Most jobs will require specific skills (e.g. a combination of technological know-how, problem-solving, and critical thinking as well as soft skills). Helvetas together with Partners Albania works in the RisiAlbania project to address such a challenge through distant and affordable skills development courses.
Digital transformation as human rights
Digitalization can support awareness of rights and strengthen exercising one’s rights related to access to information, cultural and political participation. However, this depends on how women and other disadvantaged groups (and their families and communities) are supported in knowledge, skills, and practices to exercise these rights responsibly and safely.
In Tajikistan, Helvetas supports the empowerment of the vulnerable members of society to have access to the legal aid system. Social activists collect information on the types of cases that are typically dealt with at the Legal Aid Clinics, such as alimony, property rights, and domestic violence. By using tablets, it has become much easier and more cost-efficient for social activists to collect and analyze the data. This has provided sound evidence on what are the pressing social and legal issues faced by communities.
A critical consideration is being mindful to not fall victim to or contribute to ‘fake’ information/ news, be respectful of diversity in culture and opinion, freedom of choice, and representation among others.

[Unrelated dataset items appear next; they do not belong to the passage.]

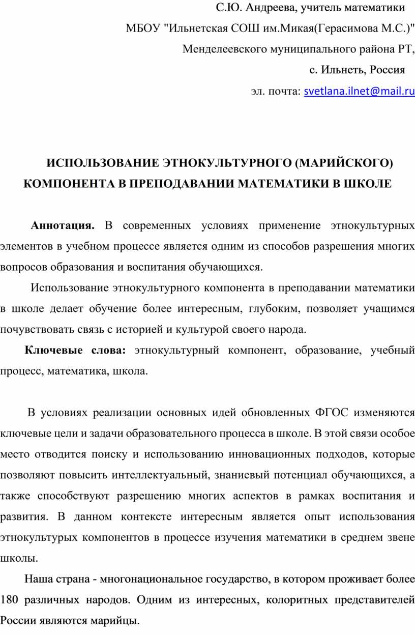 ИСПОЛЬЗОВАНИЕ ЭТНОКУЛЬТУРНОГО (МАРИЙСКОГО) КОМПОНЕНТА В ПРЕПОДАВАНИИ МАТЕМАТИКИ В ШКОЛЕ
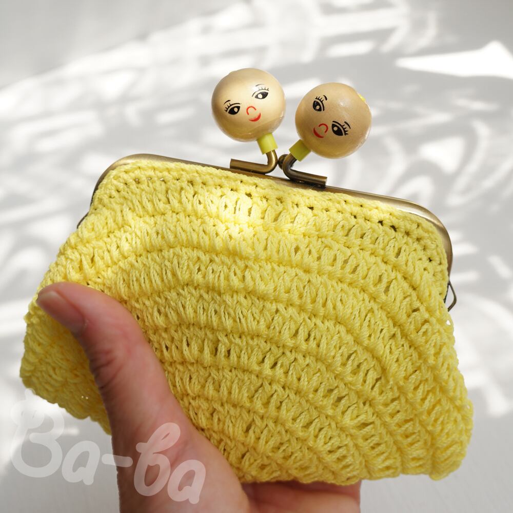 ばあば作☆長編みの福笑がま口(まっきっき・C1475)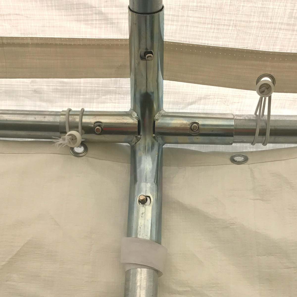 Partytältet har två stora sidoväggar med PVC-fönster, och tältets ändar har rullbara dörrar med dragkedja. Tygerna fästs enkelt på tältets metallram. Ramen är tillverkad av 38 mm tjocka pulverlackerade stålrör som står emot tidens tand.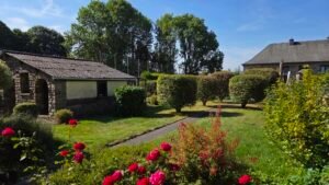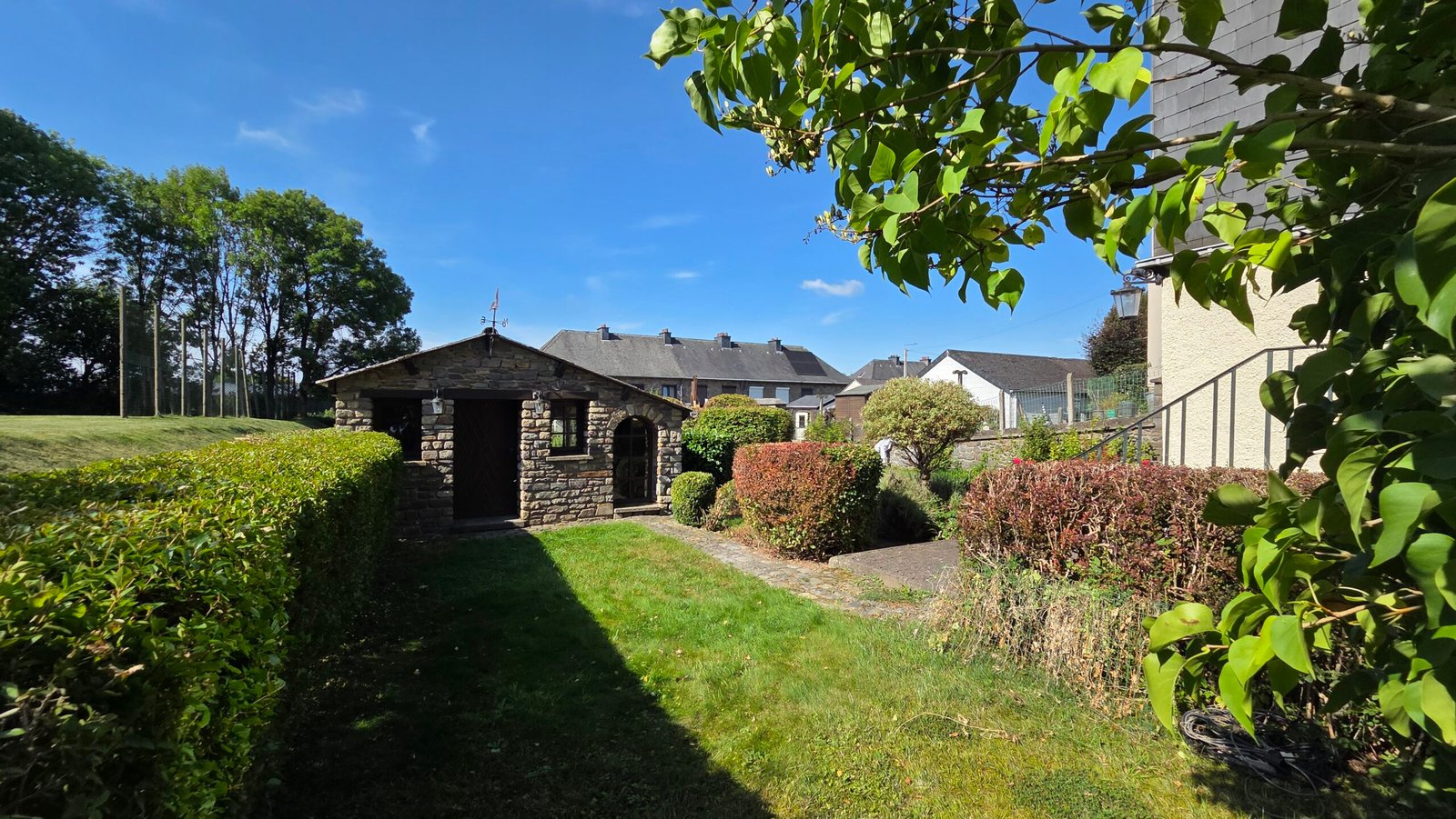 Charmante hoekwoning in natuursteen (+-130m² bewoonbare oppervlakte), met mooie zuid gerichte tuin, parking en garage, gelegen op wandelafstand van het centrum van Bastogne.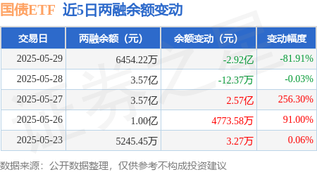 国债ETF:5月29日融资买入92348万元融资融券余额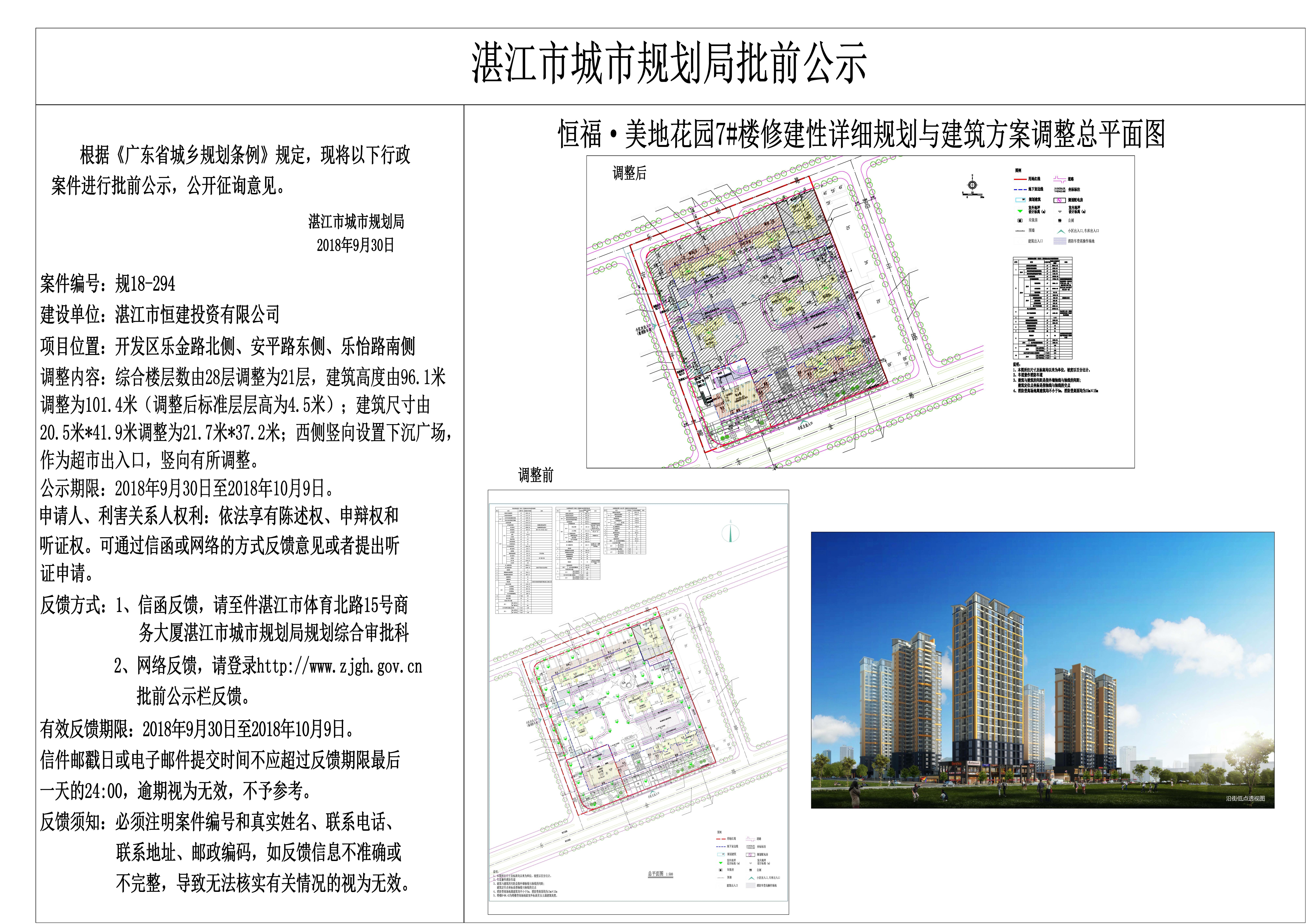 恒福-美地花园7#楼修建性详细规划与建筑方案调整批前公示

The Property Tax Reform Program (MED) initiative in Serbia makes it easier – 24/7, no matter where people are – and more transparent for citizens and businesses by reducing “red tape” to pay property taxes online in one central place by using any credit card or any common online banking service. This has brought positive systemic impact through strong coordination effort considering the reform’s complexity (including the national and policy level).
Women’s access to, capacity to use, the right to benefit from an added value in ICT becomes in some cases a matter of life and death, even more so in an emergency or crises. The COVID-19 pandemic makes such a need more pressing.
Digitalization can enhance good governance, but can also infringe on people’s right to privacy, expression, and movement, especially in increasingly insecure times, where governments and authorities may impose certain restrictions or measures which increase supervision and control of populations.
With the COVID-19 lockdown, there is a risk of “normalization of intrusive digital surveillance,” cautions Sonya Sceats, Associate Fellow at Chatham House. This may lead to “restrictions on liberty for other reasons well into the future”.